Food Wars! finds a fair bit of balance between its character drama and building and its numerous cooking and eating scenes, though the latter does slowly wear down along 24 episodes. There are only so many times the audience can watch various individuals react to food in highly stylized, and often suggestive, ways, before the effect begins to wear a little thin and draw attention away from story and towards the more frivolous characteristics within the show. Still, it's rather good fun overall, and it's not so much in the dishes that are prepared but in what happens in the lead to, during, and after a competition that makes the series fun, as Soma finds himself more comfortable at school and understanding of his place there and the people, challenges, and obstacles around him.


Food Wars! Shokugeki no Sōma: Season 1 Blu-ray Movie, Video Quality  4.0 of 5

Food Wars!: Season 1 features all 24 episode spread across three discs. The 1080p presentation is generally very strong and satisfying, offering abundant colors, whether in core scenes or in some of the "orgasmic" responses to food in the series' many highly stylized moments that burst with extra dazzle and intensity, easily the visual highlights of the entire season. The palette is bright and showy, and each primary is presented with robust saturation and clarity. Details are very good. The 1080p resolution allows for a very clear, refined image that presents lines with an agreeable smoothness and static objects, like stainless steel appliances in the kitchen, tiles, and woods, with seemingly all of the information the artists have crammed into each shot. The quality of the presentation is infrequently interrupted by banding, but there are no other source or encode anomalies of any note to report.


Food Wars! Shokugeki no Sōma: Season 1 Blu-ray Movie, Audio Quality  4.0 of 5

Food Wars!: Season 1's DTS-HD Master Audio 2.0 lossless soundtrack is very good. It plays as big as its two-channel configuration allows, pushing music to the stage's boundaries and offering a surprising amount of heft (without the benefit of a subwoofer channel) to various musical and effects elements. The opening and closing segments are of course key highlights, but there are no shortages of music or sound elements to be enjoyed throughout each episode, particularly, again, in those sexualized responses to food. Screaming dialogue can be a bit piercing, but general dialogue, most of which is delivered in a more normalized cadence, is very good. There is some nice reverberation at an assembly at the beginning of episode three, which seems larger than the two channels available. This is a fun and active track that pushes the limits of its limited speaker engagement.

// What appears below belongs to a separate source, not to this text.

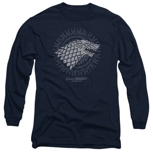 Game Of Thrones Stark Burst Sigils Mens Long Sleeve Shirt Navy Officially Licensed

Food Wars! Shokugeki no Sōma: Season 1 Blu-ray Movie, Special Features and Extras  1.5 of 5

Food Wars!: Season 1 contains the usual Sentai supplements on disc three.


Food Wars! Shokugeki no Sōma: Season 1 Blu-ray Movie, Overall Score and Recommendation  3.5 of 5

Food Wars! was popular enough to spawn a second season (with a third released, but not on Blu-ray). It's not exactly a first-rate Anime, but it's a fun little escape, a bit repetitive at times, but cooks up a unique flavor that takes audiences into a different kind of world, a world where food is king, preparation is key, and the competition is hotter than a flaming grill. There are some interesting characters and an insightful, albeit fairly playful, depiction of culinary school to be found. Food Wars!: Season 1 delivers positive video and audio experiences. Supplements are limited to the usual Sentai extras. Recommended.